Arbitrator’s preclusion of evidence by Respondent as a discovery sanction; miscalculation of damages – The arbitrator in DuPree Productions, LLC v. RDE, Inc., 2021 U.S. Dist. LEXIS 228356 (N.D. Ill, November 30, 2021), spent nine months trying to obtain discovery compliance from the Respondents. Ultimately, he or she made a finding that the Respondents had committed “willful non-compliance with discovery orders [which go] to the heard of Claimant’s claims of misrepresentation. . . ” and entered sanctions precluding the Respondent from presenting evidence and making an adverse inference. Then, based on the remaining record, the Arbitrator entered an award under AAA Rule 58 in favor of Claimant in the amount $195,000, plus attorneys’ fees. The court, Durkin, J., applying the usual rubric that “the scope of judicial review under the FAA [is] ‘exceedingly narrow,’” denies Respondent’s motion to vacate the award. While the review of sanctions is the decision’s primary focus, the court also discusses the scope of 9 U.S.C. § 11(a) which allows the District Court to modify an award where there was an “evident material miscalculation of figures.” That provision, the court holds, applies in instances such as where “an arbitrator unambiguously and mistakenly permits double recovery. . . or omits a damages measure unambiguously meant for inclusion.” (Citations omitted). It does not apply where, as here, the arbitrator chose to compute damages in a way which the challenging party opposed.
Fees for filing an application to confirm an arbitration – Sometimes Circuit Judges must ask themselves why a matter is even on their desk. Pieczynski v. Pennsylvania, 2021 U.S. App. LEXIS 35601 (3rd Cir. December 2, 2021)(Circuit Judges Greenaway, Porter and Nygaard, per curiam) is one such case. The pro se plaintiff disputed whether an application to confirm an award is a miscellaneous matter, with a filing fee of $47, or a standard civil action, with a fee of $400. Get out your checkbook – the higher fee applies.

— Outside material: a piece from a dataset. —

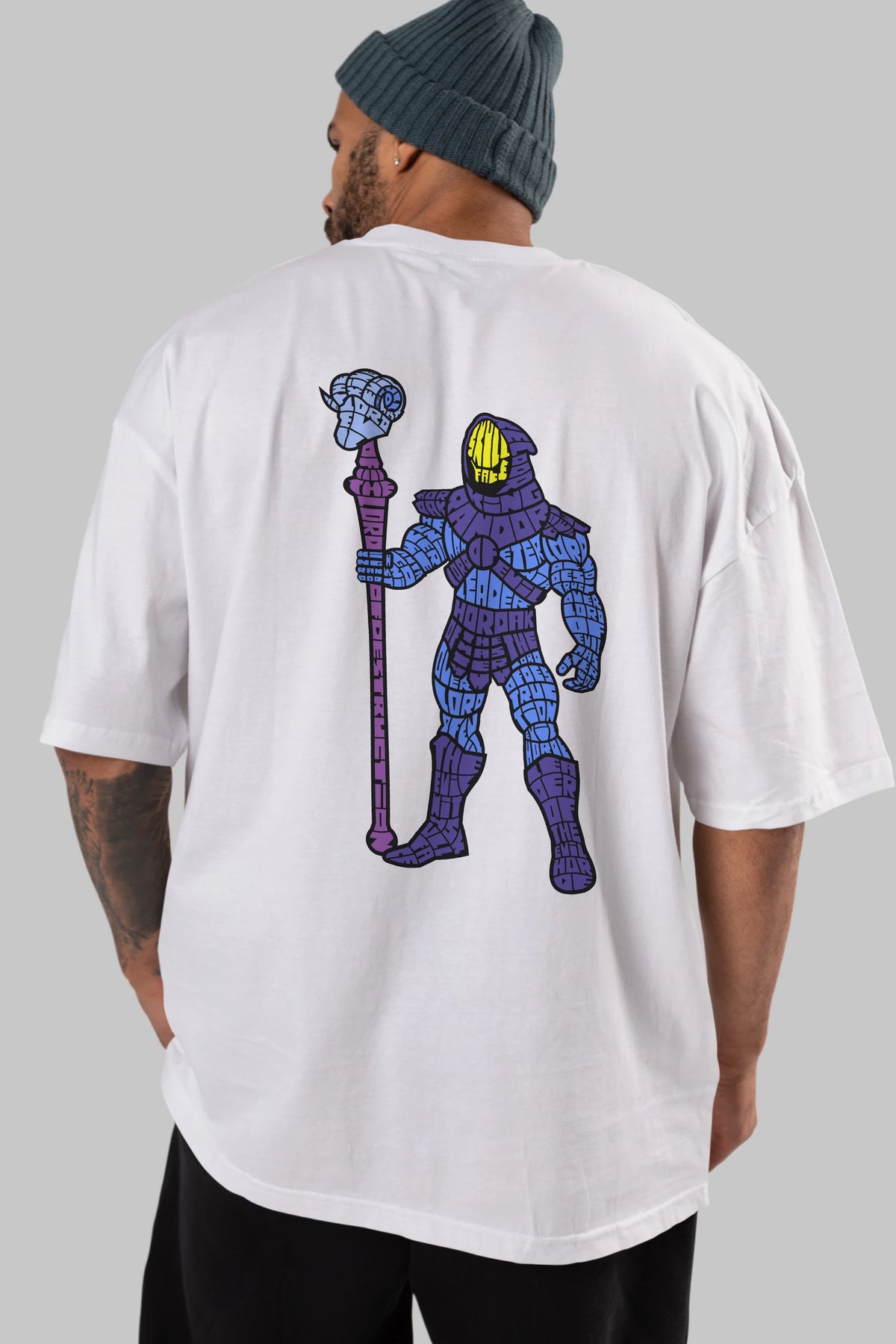 Skull Face Arka Baskılı Oversize t-shirt %100 pamuk Erkek Kadın Unisex

I am the arbitrator in a week-long matter starting on Monday. So, there will probably not be an ADR Highlights next week. Be safe – and, if you celebrate Christmas, get those gifts in the mail. The lines at the shipping center today were already long.
David A. Reif
Reif ADR
Dreif@reifadr.com
Reifadr.com
[1] Under Rule 64 of the Federal Rules of Civil Procedure, any remedy to secure satisfaction of a judgment available under the law of the state in which the District Court sits is available in federal court.